- **WHAT IS BEING ASKED**:
Please make sure what you return matches the listing below exactly, minus its pictures.

- **DATA FOR THIS TASK**:
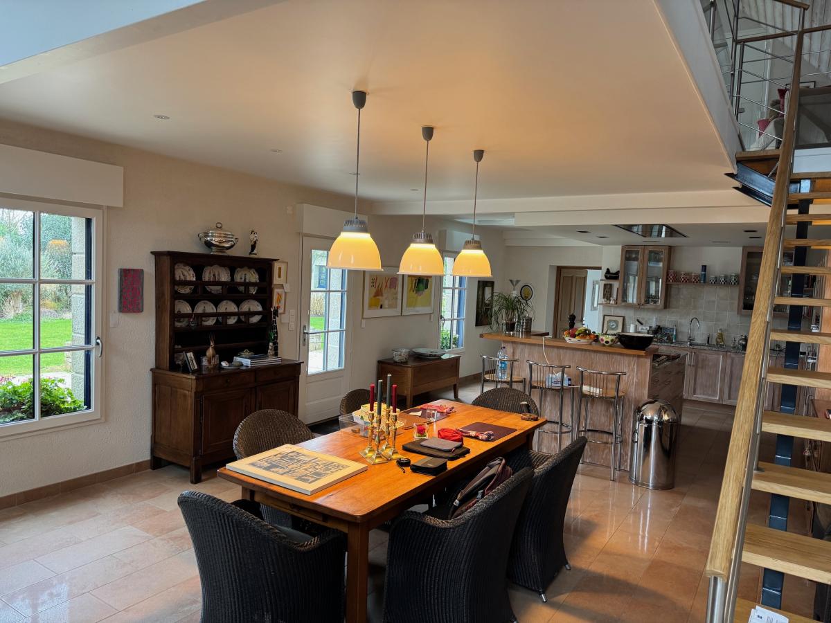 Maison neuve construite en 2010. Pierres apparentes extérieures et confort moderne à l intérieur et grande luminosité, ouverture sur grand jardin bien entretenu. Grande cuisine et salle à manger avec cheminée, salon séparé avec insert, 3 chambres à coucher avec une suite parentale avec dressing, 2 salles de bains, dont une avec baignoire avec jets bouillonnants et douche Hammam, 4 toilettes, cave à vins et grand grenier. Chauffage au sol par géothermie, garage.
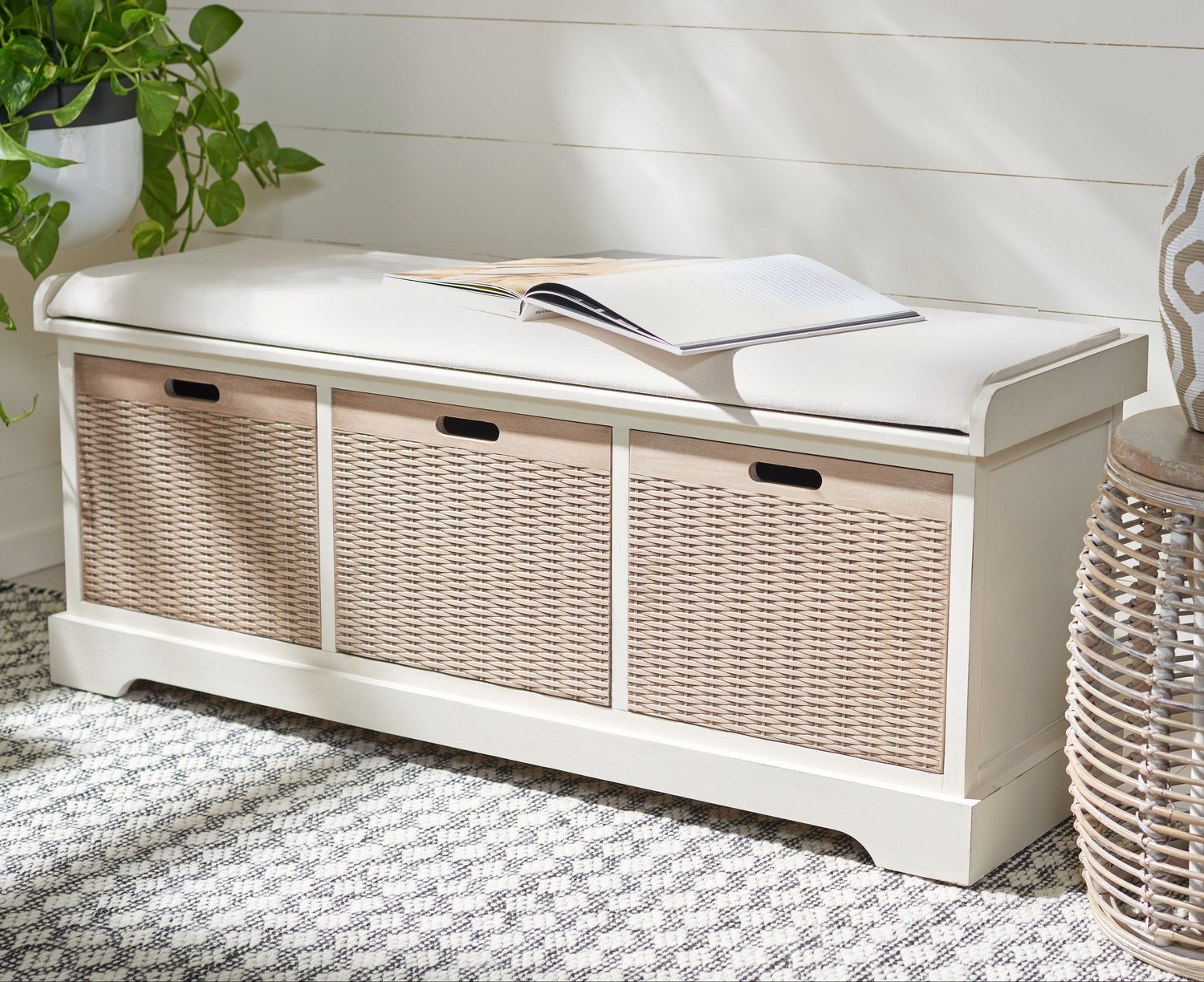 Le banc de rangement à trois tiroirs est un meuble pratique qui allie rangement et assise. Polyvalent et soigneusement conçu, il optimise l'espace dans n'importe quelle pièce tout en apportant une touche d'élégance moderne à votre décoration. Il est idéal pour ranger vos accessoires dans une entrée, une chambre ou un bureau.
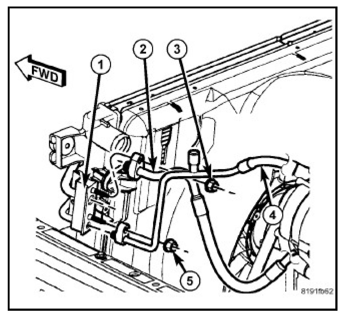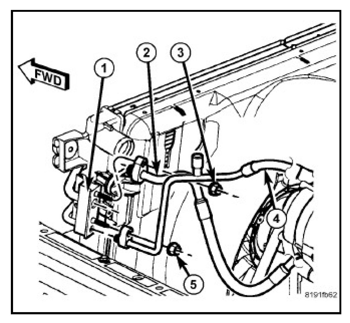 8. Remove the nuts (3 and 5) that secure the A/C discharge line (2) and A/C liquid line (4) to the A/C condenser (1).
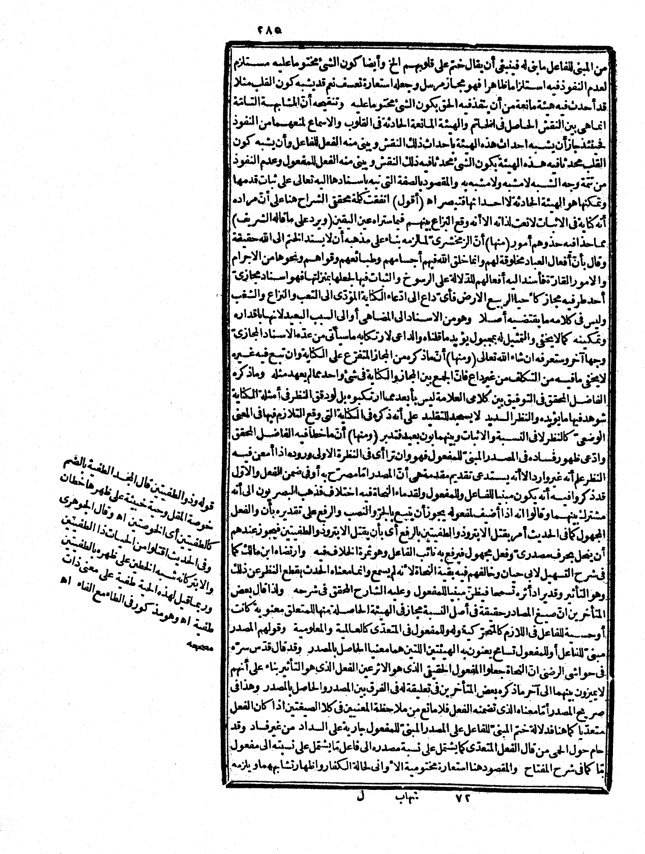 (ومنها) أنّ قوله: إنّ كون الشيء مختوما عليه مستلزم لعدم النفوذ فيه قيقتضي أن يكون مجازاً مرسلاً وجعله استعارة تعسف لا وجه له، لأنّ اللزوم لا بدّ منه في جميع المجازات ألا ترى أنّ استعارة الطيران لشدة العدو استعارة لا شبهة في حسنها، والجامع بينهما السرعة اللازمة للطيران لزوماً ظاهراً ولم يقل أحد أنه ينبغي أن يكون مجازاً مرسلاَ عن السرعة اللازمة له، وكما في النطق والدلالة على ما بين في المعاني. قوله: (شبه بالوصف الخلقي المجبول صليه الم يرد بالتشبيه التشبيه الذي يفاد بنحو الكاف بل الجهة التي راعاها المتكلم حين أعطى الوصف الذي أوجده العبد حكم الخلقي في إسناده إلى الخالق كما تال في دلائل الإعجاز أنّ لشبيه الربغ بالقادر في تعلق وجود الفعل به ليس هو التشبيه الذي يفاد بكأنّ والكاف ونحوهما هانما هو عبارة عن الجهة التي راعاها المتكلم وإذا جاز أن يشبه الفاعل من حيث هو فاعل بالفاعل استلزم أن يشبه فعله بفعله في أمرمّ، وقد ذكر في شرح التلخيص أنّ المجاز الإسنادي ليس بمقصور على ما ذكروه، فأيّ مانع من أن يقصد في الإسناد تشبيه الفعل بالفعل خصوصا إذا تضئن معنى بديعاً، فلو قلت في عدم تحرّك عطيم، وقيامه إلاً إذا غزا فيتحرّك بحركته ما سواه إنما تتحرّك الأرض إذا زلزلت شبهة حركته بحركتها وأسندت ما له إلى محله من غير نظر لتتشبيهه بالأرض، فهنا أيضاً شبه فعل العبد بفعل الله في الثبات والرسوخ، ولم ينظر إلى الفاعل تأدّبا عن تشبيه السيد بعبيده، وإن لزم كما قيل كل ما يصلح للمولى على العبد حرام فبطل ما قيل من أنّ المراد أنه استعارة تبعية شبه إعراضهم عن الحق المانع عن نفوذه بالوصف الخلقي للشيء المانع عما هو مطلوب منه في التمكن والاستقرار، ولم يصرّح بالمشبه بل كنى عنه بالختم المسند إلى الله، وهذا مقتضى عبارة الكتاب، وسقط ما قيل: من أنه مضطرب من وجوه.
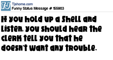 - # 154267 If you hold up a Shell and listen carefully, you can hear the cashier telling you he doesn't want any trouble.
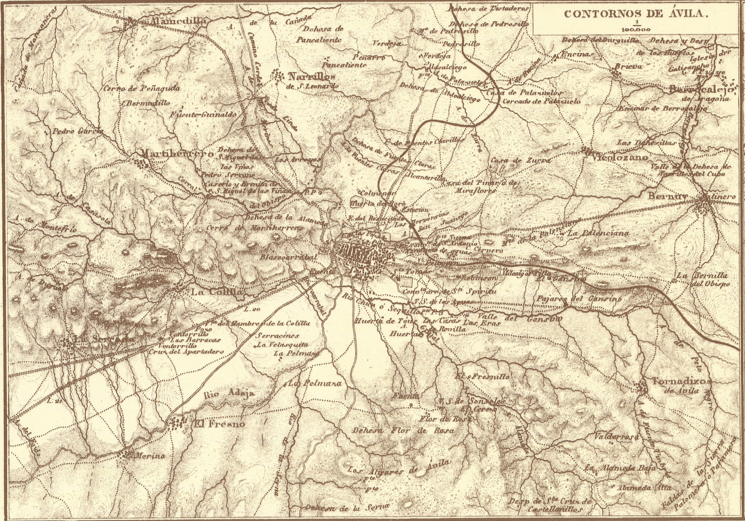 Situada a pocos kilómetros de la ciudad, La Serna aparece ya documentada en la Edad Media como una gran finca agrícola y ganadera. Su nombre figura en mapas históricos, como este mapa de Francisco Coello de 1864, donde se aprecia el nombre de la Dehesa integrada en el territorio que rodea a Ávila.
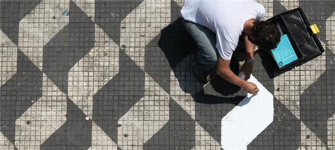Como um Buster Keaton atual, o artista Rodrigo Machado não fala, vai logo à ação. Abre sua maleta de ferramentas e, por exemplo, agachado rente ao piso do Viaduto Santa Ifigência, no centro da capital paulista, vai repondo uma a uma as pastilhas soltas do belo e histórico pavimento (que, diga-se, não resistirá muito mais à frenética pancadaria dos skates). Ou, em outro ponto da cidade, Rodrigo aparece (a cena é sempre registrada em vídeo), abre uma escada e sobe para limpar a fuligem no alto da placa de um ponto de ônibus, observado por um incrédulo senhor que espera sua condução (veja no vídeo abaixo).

- **SOLUTION BELOW**:
 Maison neuve construite en 2010. Pierres apparentes extérieures et confort moderne à l intérieur et grande luminosité, ouverture sur grand jardin bien entretenu. Grande cuisine et salle à manger avec cheminée, salon séparé avec insert, 3 chambres à coucher avec une suite parentale avec dressing, 2 salles de bains, dont une avec baignoire avec jets bouillonnants et douche Hammam, 4 toilettes, cave à vins et grand grenier. Chauffage au sol par géothermie, garage.
 Le banc de rangement à trois tiroirs est un meuble pratique qui allie rangement et assise. Polyvalent et soigneusement conçu, il optimise l'espace dans n'importe quelle pièce tout en apportant une touche d'élégance moderne à votre décoration. Il est idéal pour ranger vos accessoires dans une entrée, une chambre ou un bureau.
 8. Remove the nuts (3 and 5) that secure the A/C discharge line (2) and A/C liquid line (4) to the A/C condenser (1).
 (ومنها) أنّ قوله: إنّ كون الشيء مختوما عليه مستلزم لعدم النفوذ فيه قيقتضي أن يكون مجازاً مرسلاً وجعله استعارة تعسف لا وجه له، لأنّ اللزوم لا بدّ منه في جميع المجازات ألا ترى أنّ استعارة الطيران لشدة العدو استعارة لا شبهة في حسنها، والجامع بينهما السرعة اللازمة للطيران لزوماً ظاهراً ولم يقل أحد أنه ينبغي أن يكون مجازاً مرسلاَ عن السرعة اللازمة له، وكما في النطق والدلالة على ما بين في المعاني. قوله: (شبه بالوصف الخلقي المجبول صليه الم يرد بالتشبيه التشبيه الذي يفاد بنحو الكاف بل الجهة التي راعاها المتكلم حين أعطى الوصف الذي أوجده العبد حكم الخلقي في إسناده إلى الخالق كما تال في دلائل الإعجاز أنّ لشبيه الربغ بالقادر في تعلق وجود الفعل به ليس هو التشبيه الذي يفاد بكأنّ والكاف ونحوهما هانما هو عبارة عن الجهة التي راعاها المتكلم وإذا جاز أن يشبه الفاعل من حيث هو فاعل بالفاعل استلزم أن يشبه فعله بفعله في أمرمّ، وقد ذكر في شرح التلخيص أنّ المجاز الإسنادي ليس بمقصور على ما ذكروه، فأيّ مانع من أن يقصد في الإسناد تشبيه الفعل بالفعل خصوصا إذا تضئن معنى بديعاً، فلو قلت في عدم تحرّك عطيم، وقيامه إلاً إذا غزا فيتحرّك بحركته ما سواه إنما تتحرّك الأرض إذا زلزلت شبهة حركته بحركتها وأسندت ما له إلى محله من غير نظر لتتشبيهه بالأرض، فهنا أيضاً شبه فعل العبد بفعل الله في الثبات والرسوخ، ولم ينظر إلى الفاعل تأدّبا عن تشبيه السيد بعبيده، وإن لزم كما قيل كل ما يصلح للمولى على العبد حرام فبطل ما قيل من أنّ المراد أنه استعارة تبعية شبه إعراضهم عن الحق المانع عن نفوذه بالوصف الخلقي للشيء المانع عما هو مطلوب منه في التمكن والاستقرار، ولم يصرّح بالمشبه بل كنى عنه بالختم المسند إلى الله، وهذا مقتضى عبارة الكتاب، وسقط ما قيل: من أنه مضطرب من وجوه.
 - # 154267 If you hold up a Shell and listen carefully, you can hear the cashier telling you he doesn't want any trouble.
 Situada a pocos kilómetros de la ciudad, La Serna aparece ya documentada en la Edad Media como una gran finca agrícola y ganadera. Su nombre figura en mapas históricos, como este mapa de Francisco Coello de 1864, donde se aprecia el nombre de la Dehesa integrada en el territorio que rodea a Ávila.
Como um Buster Keaton atual, o artista Rodrigo Machado não fala, vai logo à ação. Abre sua maleta de ferramentas e, por exemplo, agachado rente ao piso do Viaduto Santa Ifigência, no centro da capital paulista, vai repondo uma a uma as pastilhas soltas do belo e histórico pavimento (que, diga-se, não resistirá muito mais à frenética pancadaria dos skates). Ou, em outro ponto da cidade, Rodrigo aparece (a cena é sempre registrada em vídeo), abre uma escada e sobe para limpar a fuligem no alto da placa de um ponto de ônibus, observado por um incrédulo senhor que espera sua condução (veja no vídeo abaixo).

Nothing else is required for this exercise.